Яснее всех прочих это сознавали трое молодых людей, дожидавшиеся в одно апрельское утро приема у мистера Джирарда. Каждый раз, когда дверь с надписью «Посторонним вход воспрещен» вздрагивала под напором грандиозных дел, они, не сговариваясь, нервно дергались. Все трое, не перевалив тридцатилетнего рубежа, находились еще на подъеме надежд, все только что сошли с поезда и не были знакомы друг с другом. Уже почти час они провели бок о бок в ожидании на диване, обтянутом черкесской кожей.
Однажды молодой человек с угольно-черными глазами и волосами вынул пачку сигарет и неуверенно предложил двум остальным. Но, выслушав их вежливо-всполошенный отказ, он быстро огляделся и вернул пачку в карман нетронутой. За этим щекотливым эпизодом наступило долгое молчание, которое нарушала только канарейка-тикер, отстукивавшая курс акций в стране птиц.
Когда часы в стиле Людовика XIII показали полдень, дверь с надписью «Посторонним вход воспрещен» натужно, как бы одолевая сопротивление, открылась и ретивая секретарша пригласила посетителей войти. Они дружно встали.
— То есть… всем вместе? — несколько растерянно спросил самый высокий.
— Всем вместе.
Не глядя по сторонам и изображая невольно строевой шаг, они пересекли несколько помещений-форпостов и наконец вступили маршем в личный офис Сайруса Джирарда, чье положение на Уолл-стрит можно было сравнить с положением Теламонида Аякса среди прочих героев Гомера.
Это был тихий худощавый мужчина лет шестидесяти, с тонким, беспокойным лицом и ясными, доверчивыми глазами ребенка. Когда процессия из троих молодых людей вошла, он встал и с улыбкой обратил к ним взгляд.
— Пэрриш? — нетерпеливо спросил он.
— Да, сэр, — отозвался высокий молодой человек и был удостоен рукопожатия.
— Джонс?
Так звали черноглазого и черноволосого юношу. Он ответил на улыбку Сайруса Джирарда и с легким южным акцентом заверил, что рад знакомству.
— А вы, выходит, Ван Бюрен, — обратился Джирард к третьему.
Ван Бюрен подтвердил его догадку. Это был, очевидно, житель большого города — невозмутимый и одетый с иголочки.

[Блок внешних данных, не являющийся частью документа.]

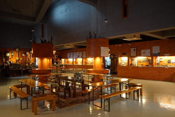 박물관 입구 위에는 거대한 시계를 짊어진 아틀라스 조각상이 방문객을 맞는다. 지구의 자리를 시계가 대신하고 있는 셈이다. 문을 열고 들어서니 넓고 웅장한 진열 공간을 1천여 점 수집품이 가득 메우고 있다. 1층은 시계의 집이다. 시계의 조상 격인 해시계와 물시계도 있지만, 가장 많은 수를 차지하는 건 역시 태엽이나 추를 동력으로 삼는 기계식 시계들이다. 기계식 시계의 발전 단계를 따라 괘종시계, 탁상시계, 회중시계, 그리고 손목시계를 살필 수 있다. 기술의 발달과 함께 시계의 크기는 점점 작아지고, 휴대는 간편해졌다. 시계의 역사는 고스란히 ‘통일된 시간’이라는 근대적 개념이 사람들의 일상 속에 파고 든 역사라 할 수 있다.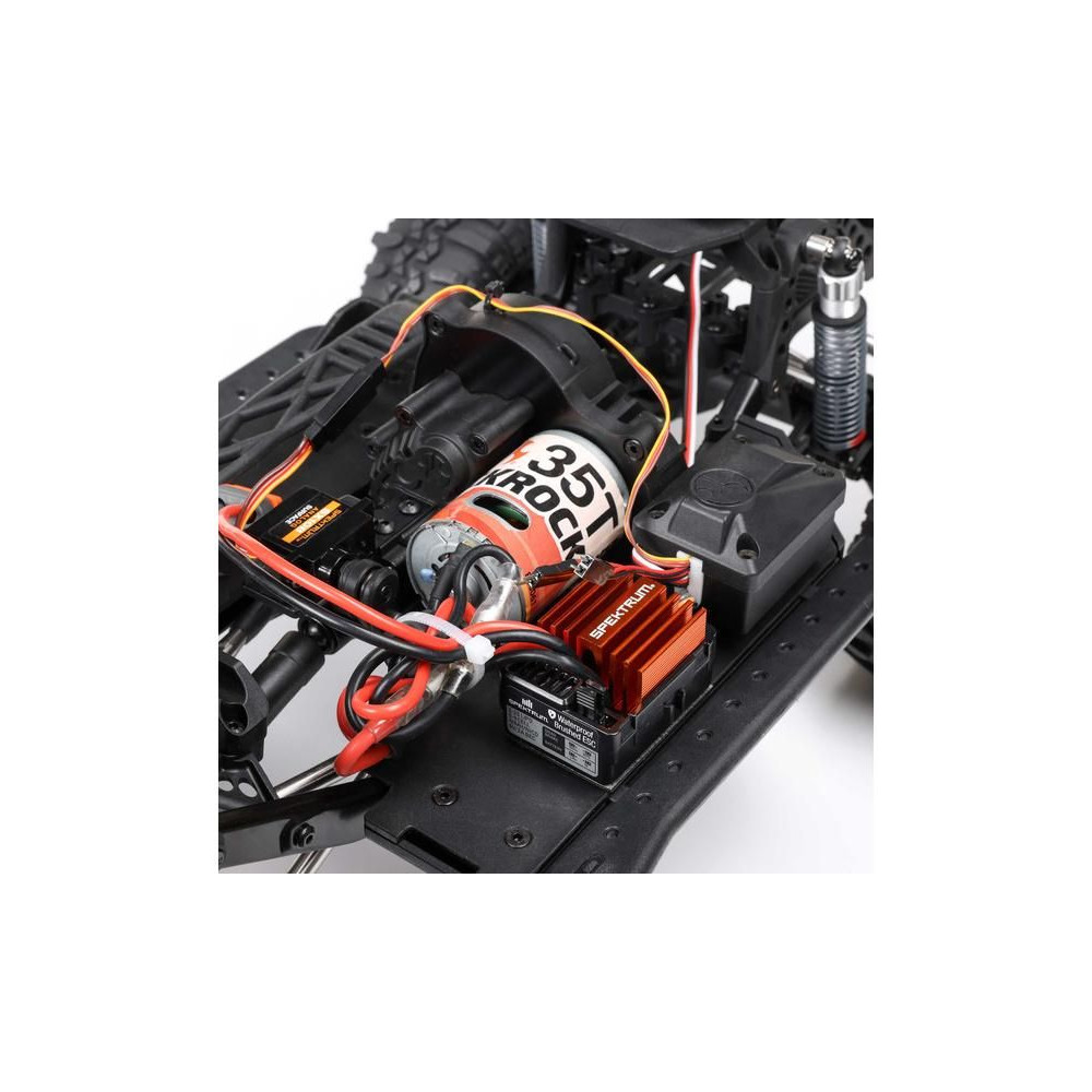 Egyszerű és megbízható elektronika található benne, vízálló* 40A-es szabályozóval, egy egyenáramú motorral, két fém fogaskerekes digitális szervóval és egy 5 csatornás vevővel, amelyhez egy 3 csatornás adó tartozik.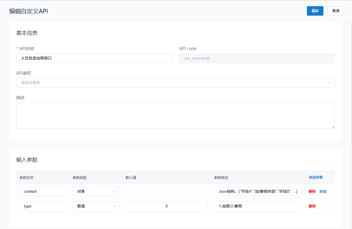 人员信息加/解密自定义接口示例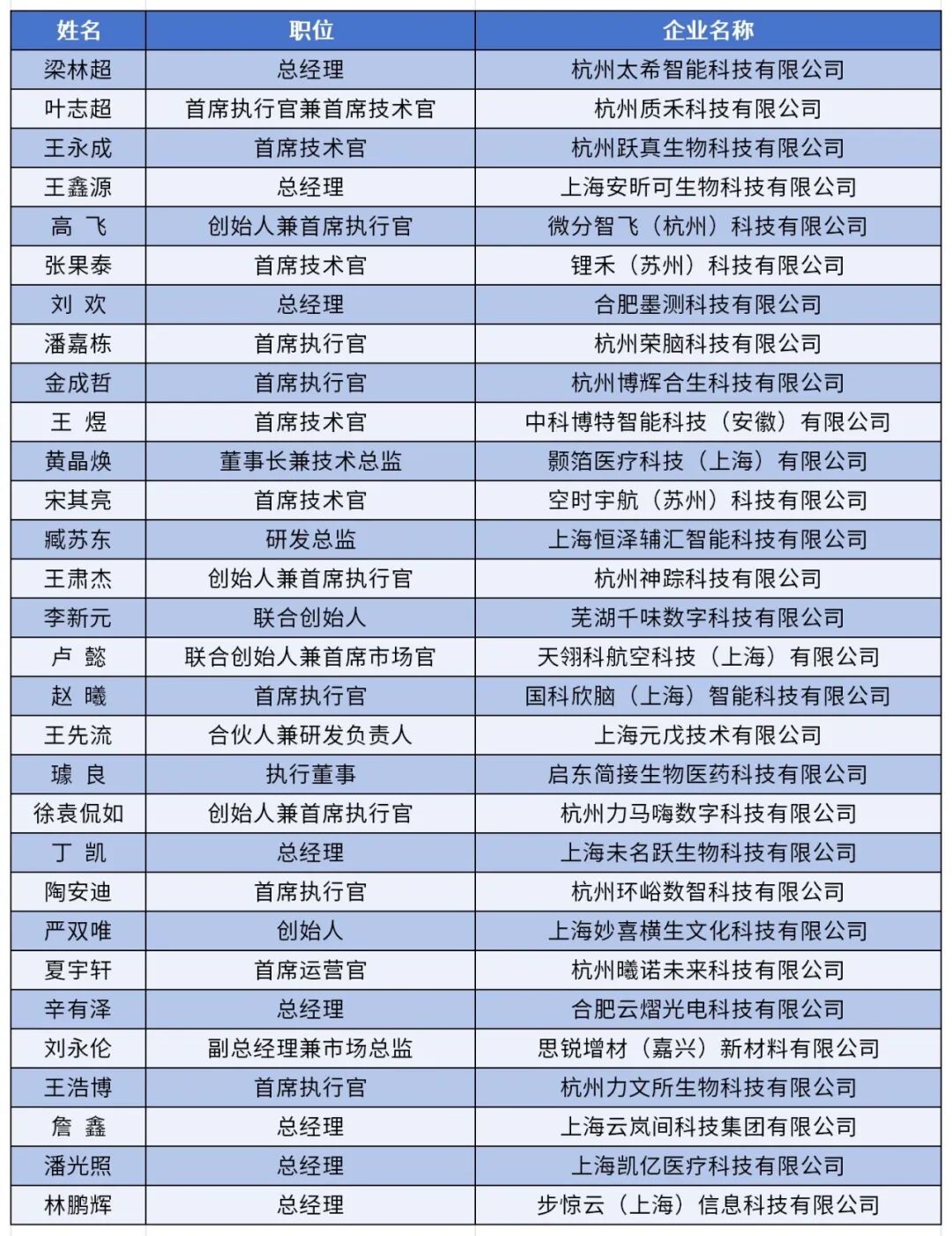 (榜单排名不分先后,按公示顺序刘欢总经理居第7位)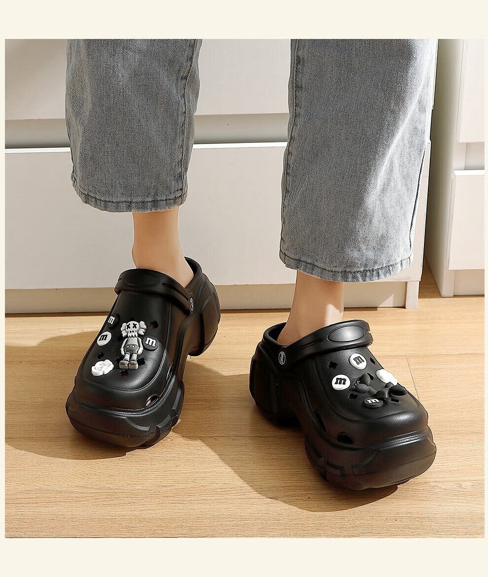 【精选】户外洞洞鞋男款夏外穿2025新款踩屎感厚底防滑防臭海边沙 黑紫 42 -43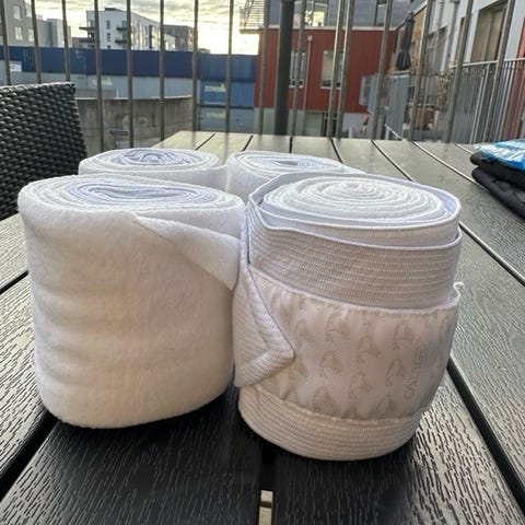 I fin stand og nyvasket. Fleece bandager der passer til både heste og ponyer. Kan evt klippes til.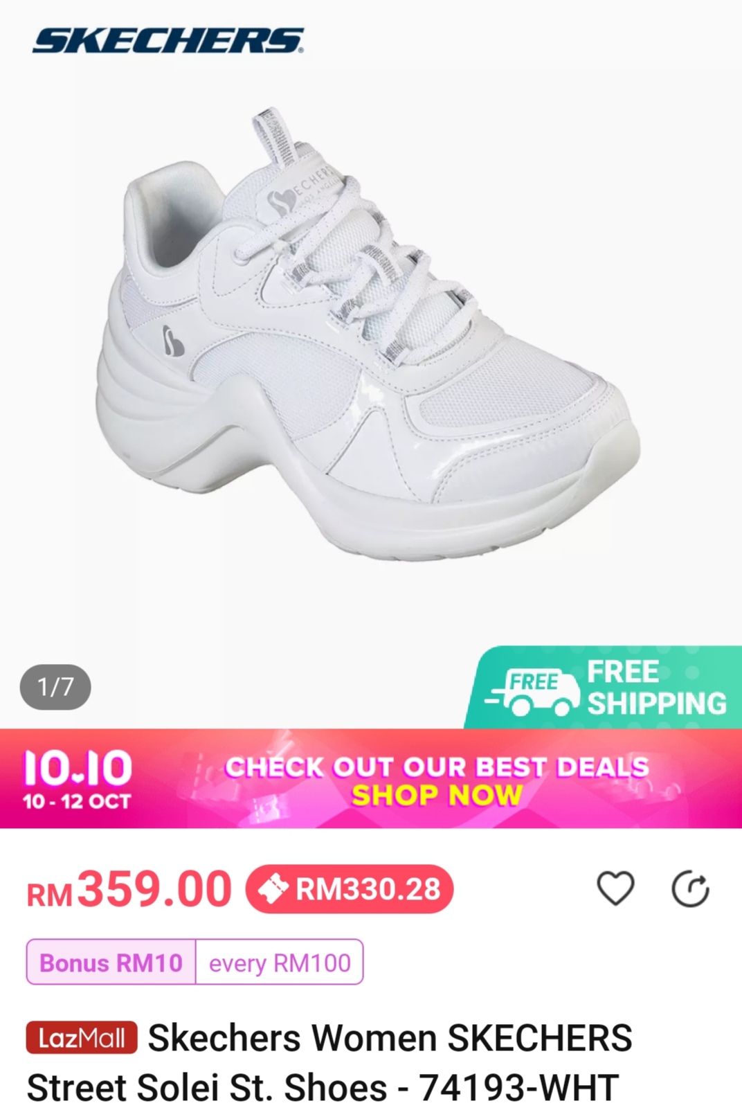 ▼ Skechers Women SKECHERS Street Solei St. Shoes 74193 – RM359 RM330.28(领取店家优惠券折扣后的价格)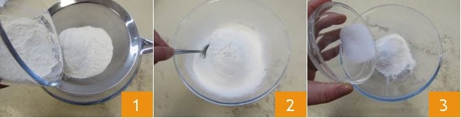 To prepare the Venetian focaccia, start by sifting together 250 g of all-purpose flour and 250 g of manitoba flour 1, to obtain a flour with the right strength; this amount will be sufficient for all subsequent doughs. Moreover, it is important that all ingredients are at a similar temperature to proceed with the preparation of the Venetian focaccia. Once you've obtained your flour mixture, stir it with a spoon 2 and set aside 50 g, then place it in another bowl and add 20 g of sugar 3.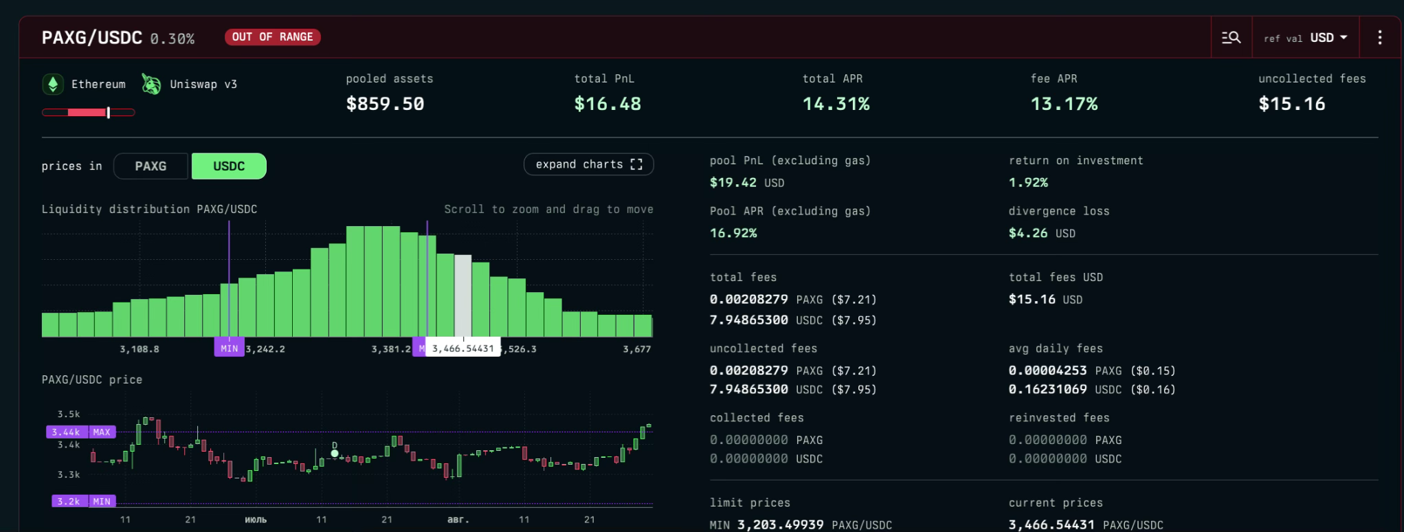 Позиция Uniswap V3 Ethereum PAXG - USDC 3200 - 3450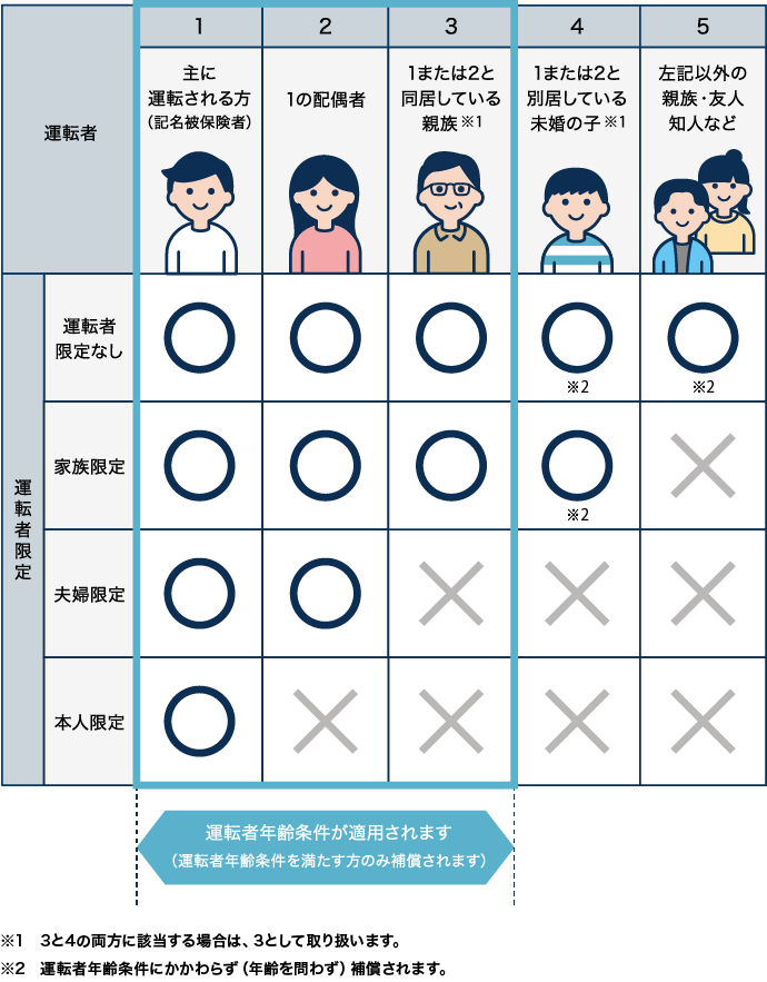 - 運転者年齢条件を設定した場合は、1~3(3と4の両方に該当する場合は、3として取り扱います)については、運転者年齢条件を満たす方が運転中の事故に限り補償します。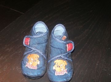1 par sutsko i str. 20, mørkeblå med en hund, med velcrolukning. Nogle dejlige behagelige sutsko når de begynder at gå. Nypris 99,-. Prisidé 25,-.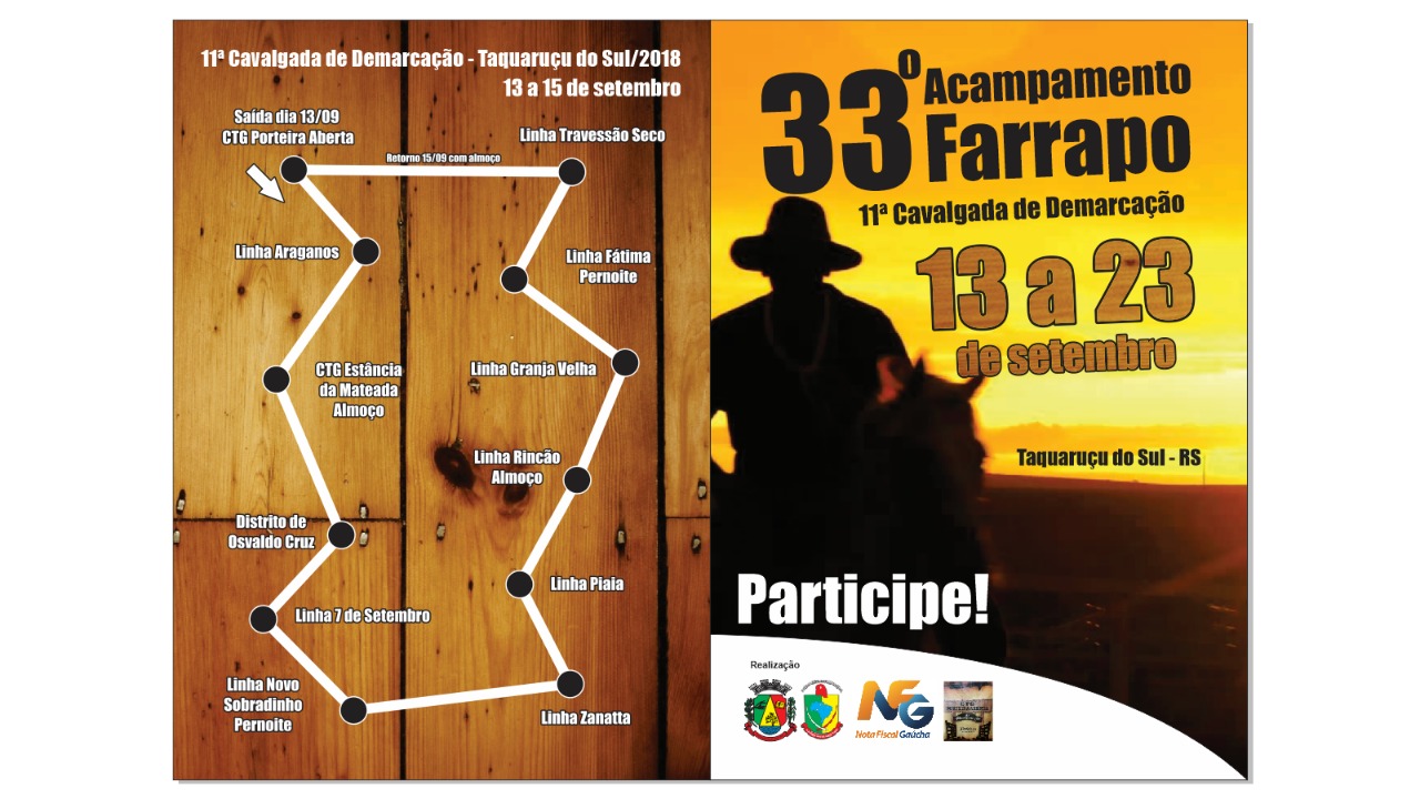 Dias 13, 14 e 15/2018: Cavalgada da Demarcação percorrendo o interior do Município. Saída às 8h do dia 13, de frente do CTG Porteira Aberta e retorno no dia 15 para abertura do 33º Acampamento Farrapo.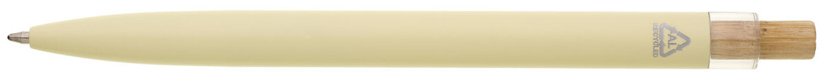 Žlutá designová kovová propiska z recyklovaného hliníku. Tmavý kovový klip je uchycen v ozdobné transparentní koncovce, doplněné bambusovým cvakátkem. Náplň velkoobsahová, modře píšící. Kolekce SAVE THE NATURE.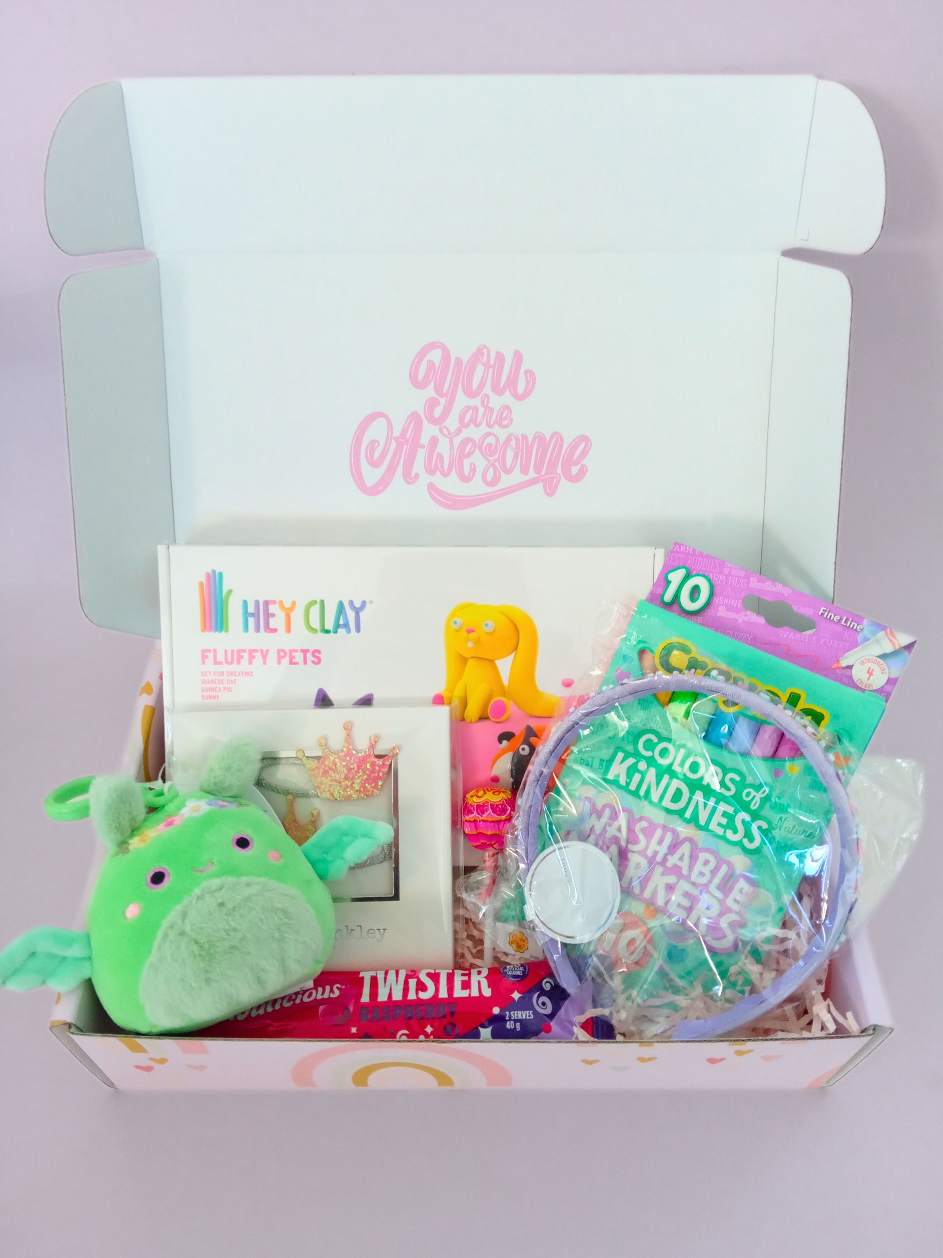 The Playtime Surprise gift box is packed with delightful goodies to brighten any little one’s day! Inside, they’ll find the Hey Clay Fluffy Pets activity set, perfect for sparking creativity and hands-on fun. A Squishmallow clip adds a touch of cuddly fun, while the Crayola Colours of Kindness set encourages imaginative coloring adventures. The box includes Lauren Hinkley hair clips and a matching headband for some styling play. And of course, no celebration is complete without some tasty sweet treats to enjoy. This box is a joyful bundle of play, creativity, and smiles!

— Садитесь, — пригласил Джирард, с интересом оглядывая посетителей. — Не могу выразить, как я вам рад.
Нервно улыбаясь, все трое сели.
— Да, господа, — продолжал пожилой хозяин кабинета, — будь у меня сыновья, я бы мечтал о том, чтобы они походили на вас троих. — Видя, как посетители залились краской, он рассмеялся. — Ладно, не буду вас больше смущать. Расскажите, как поживают ваши батюшки, а потом перейдем к делу.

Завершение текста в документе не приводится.